By setting up the NEST+M parents against the charter movement, Mr. Klein unnecessarily alienated a constituency that, heretofore, had no reason to oppose charters. It became a visible enemy of the charter movement and won much sympathy. Parents resented the charges of elitism from wellto-do supporters of the charters whose own children more often than not attend the city’s most exclusive private schools.

Couple this with the fact that the disputed building is in the district of Sheldon Silver, the Assembly Speaker. Mr. Silver has total control of the lower chamber, which has a veto-proof Democratic majority.The dispute between NEST+M and the Ross charter only strengthened Mr. Silver’s suspicion of the charter movement.

In a last ditch effort to win over Mr. Silver on increasing the charter cap, the mayor and chancellor on Friday dropped the plan to locate the Ross Global charter in the NEST+M building.This was too little too late. Mr. Silver dug in his heels.

Charging that the principal of the school, Celenia Chevere, manipulated the school’s enrollment in an attempt to weaken the case of those supporting the Ross school sharing the building with NEST+M, Mr. Klein removed her as principal. This is largely symbolic,since Ms.Chevere was retiring as principal anyway,and Wednesday is the last day of this school year.

While Ms. Chevere may have overreached by admitting too many students, her real provocation was organizing parents to put their own interests above those of the Department of Education. Parent revolts are spreading like brushfires throughout city schools, and Mr. Klein may have felt that a message needed to be sent to principals,reminding them who is the boss.

A second miscalculation was the effort to influence the legislature through running commercials supporting lifting the charter cap.In a perfect world, this type of commercial should have some bearing on the result of the process, but in the state of New York, where each district has been carefully crafted to protect the incumbent, it is a senseless endeavor. Most legislators face no serious opposition.

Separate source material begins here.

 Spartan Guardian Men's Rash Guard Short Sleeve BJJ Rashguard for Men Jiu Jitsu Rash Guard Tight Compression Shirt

Moreover, in the large urban areas, few residents know how their legislators vote on any particular issue.

The way the legislature works also defeats this strategy — few issues even come to a vote. Legislators are protected and challengers can’t gain much traction on issues on which there is no paper trail. So the only result of the ads was to annoy the legislative leadership. Rather than help lift the cap, the ads contributed to defeat. Mr. Silver vowed not to even consider the issue until the commercials stopped running.

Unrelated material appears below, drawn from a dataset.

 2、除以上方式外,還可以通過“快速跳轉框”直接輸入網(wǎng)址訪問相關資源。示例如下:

It should be noted that this effort to increase the charter cap required heavy lifting in any case. The majorities in both the Democratic Assembly and the Republican Senate are heavily influenced by one key pressure group, the teachers unions. The unions are no friends of the charter movement, since one of the premises of charter schools is freedom from union work rules.

Upstate interests are also concerned about the charters. While it can be argued that in the larger cities, the diversion of funds to charters from the public system will hardly be felt, in rural districts the establishment of even one charter can wreak havoc with the local school budget.

Finally, the effort was crippled by the fact that the one major supporter, Governor Pataki, is a lame duck whose relations with the legislature are at a low point. If the charter cap is to be lifted, real public support needs to be developed.This will not happen by pitting middle class parents who are supportive of public schools against the charters, nor will it come from crude efforts to influence a legislature that is so insulated from public opinion. It will happen if there is a governor who is capable of exercising the one thing missing in Albany, leadership.